=== EXERCISE BRIEF ===
Leaving all pictures out, output exactly and only the line containing "Стены окрашены , в" and the lines that follow it to the end of the material below.
_ _ _ _ _
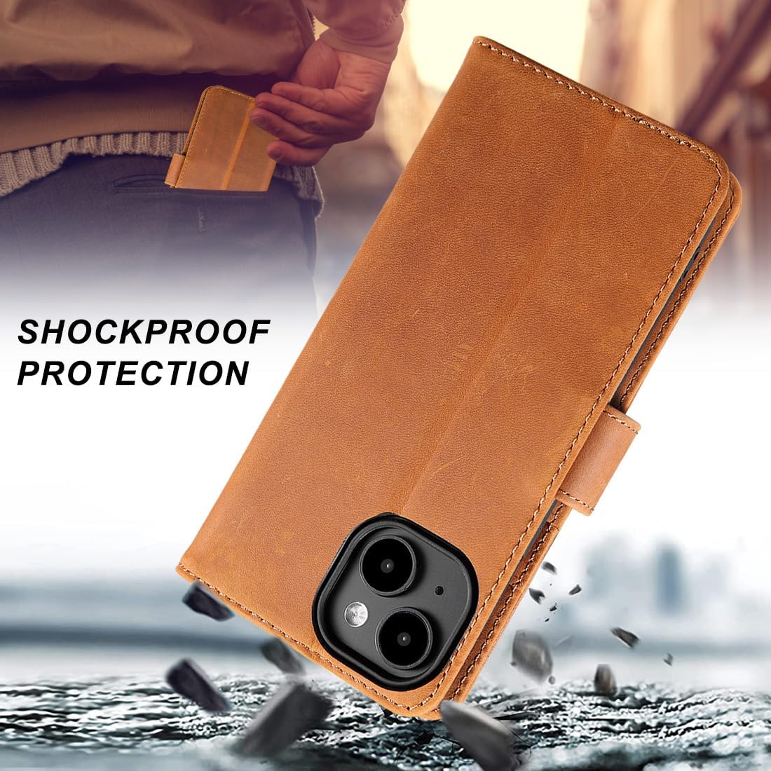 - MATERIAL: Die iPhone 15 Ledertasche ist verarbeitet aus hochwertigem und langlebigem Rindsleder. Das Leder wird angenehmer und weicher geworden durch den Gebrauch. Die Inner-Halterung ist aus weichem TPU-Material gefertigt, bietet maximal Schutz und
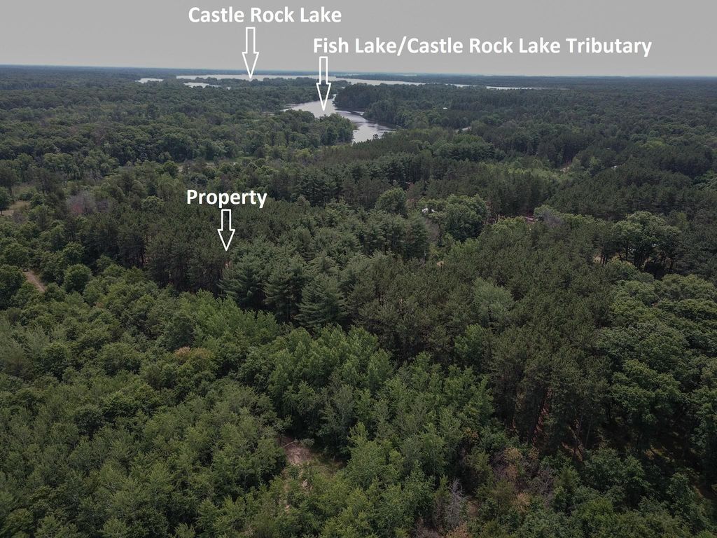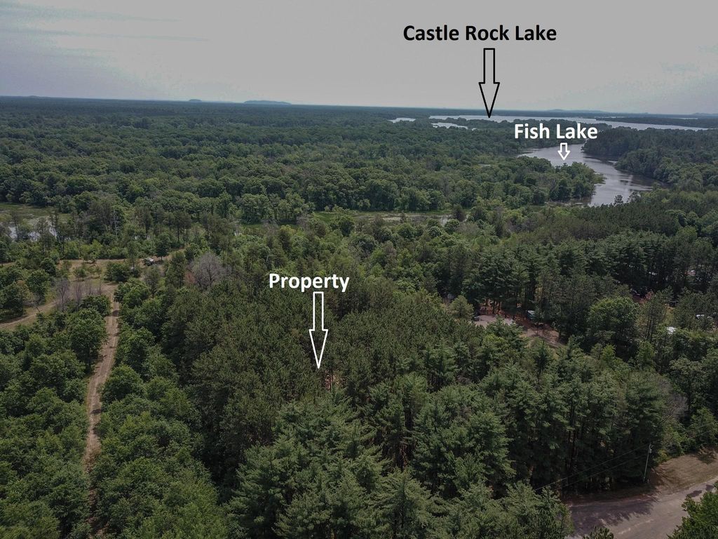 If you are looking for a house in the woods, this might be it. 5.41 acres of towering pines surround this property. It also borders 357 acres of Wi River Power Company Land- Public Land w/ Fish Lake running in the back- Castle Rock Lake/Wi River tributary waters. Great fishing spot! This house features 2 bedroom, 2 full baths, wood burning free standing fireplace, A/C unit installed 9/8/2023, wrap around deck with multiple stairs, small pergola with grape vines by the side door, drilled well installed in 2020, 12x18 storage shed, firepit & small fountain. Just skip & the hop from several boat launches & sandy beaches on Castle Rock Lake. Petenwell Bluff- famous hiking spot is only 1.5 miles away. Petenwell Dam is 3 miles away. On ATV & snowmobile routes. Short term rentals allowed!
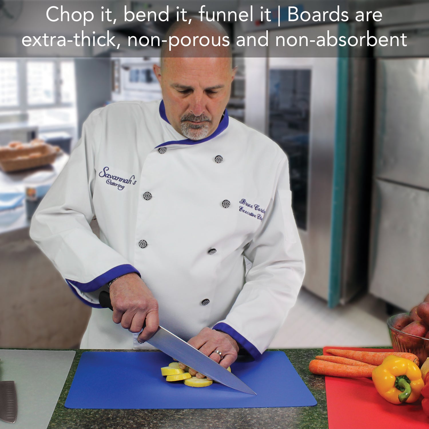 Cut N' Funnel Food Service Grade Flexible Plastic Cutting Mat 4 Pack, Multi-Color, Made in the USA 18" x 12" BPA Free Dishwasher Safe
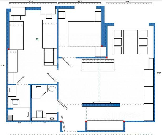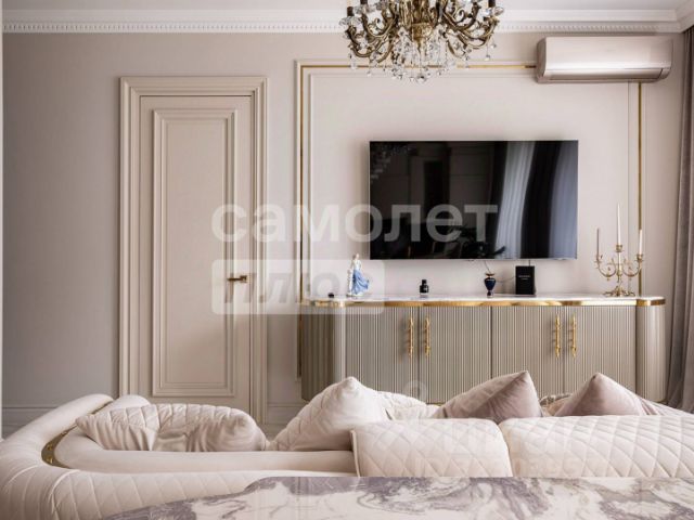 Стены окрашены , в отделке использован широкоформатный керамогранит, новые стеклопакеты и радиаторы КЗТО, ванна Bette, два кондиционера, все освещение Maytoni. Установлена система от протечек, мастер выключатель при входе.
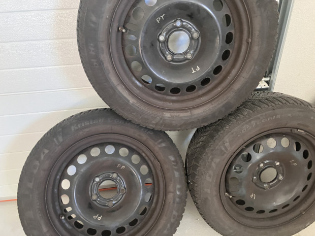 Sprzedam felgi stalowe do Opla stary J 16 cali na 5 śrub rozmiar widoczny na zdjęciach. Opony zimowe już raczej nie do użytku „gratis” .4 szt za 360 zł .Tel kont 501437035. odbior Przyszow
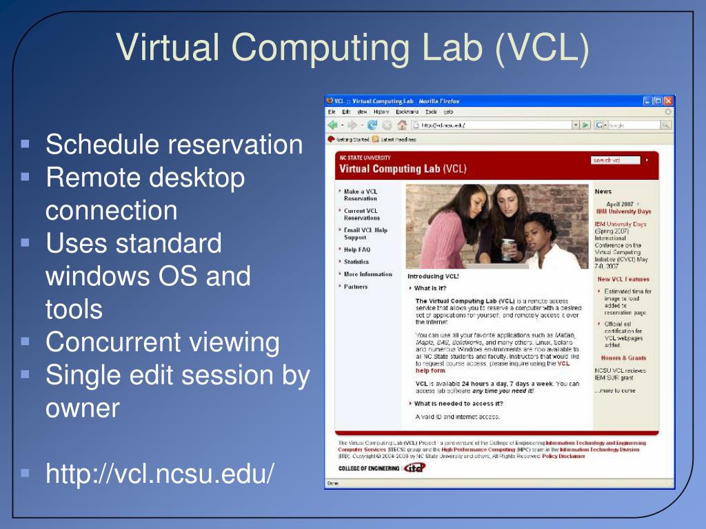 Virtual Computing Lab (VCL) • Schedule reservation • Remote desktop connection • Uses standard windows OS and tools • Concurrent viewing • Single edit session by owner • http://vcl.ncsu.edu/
_ _ _ _ _
=== SOLUTION ===
 Стены окрашены , в отделке использован широкоформатный керамогранит, новые стеклопакеты и радиаторы КЗТО, ванна Bette, два кондиционера, все освещение Maytoni. Установлена система от протечек, мастер выключатель при входе.
 Sprzedam felgi stalowe do Opla stary J 16 cali na 5 śrub rozmiar widoczny na zdjęciach. Opony zimowe już raczej nie do użytku „gratis” .4 szt za 360 zł .Tel kont 501437035. odbior Przyszow
 Virtual Computing Lab (VCL) • Schedule reservation • Remote desktop connection • Uses standard windows OS and tools • Concurrent viewing • Single edit session by owner • http://vcl.ncsu.edu/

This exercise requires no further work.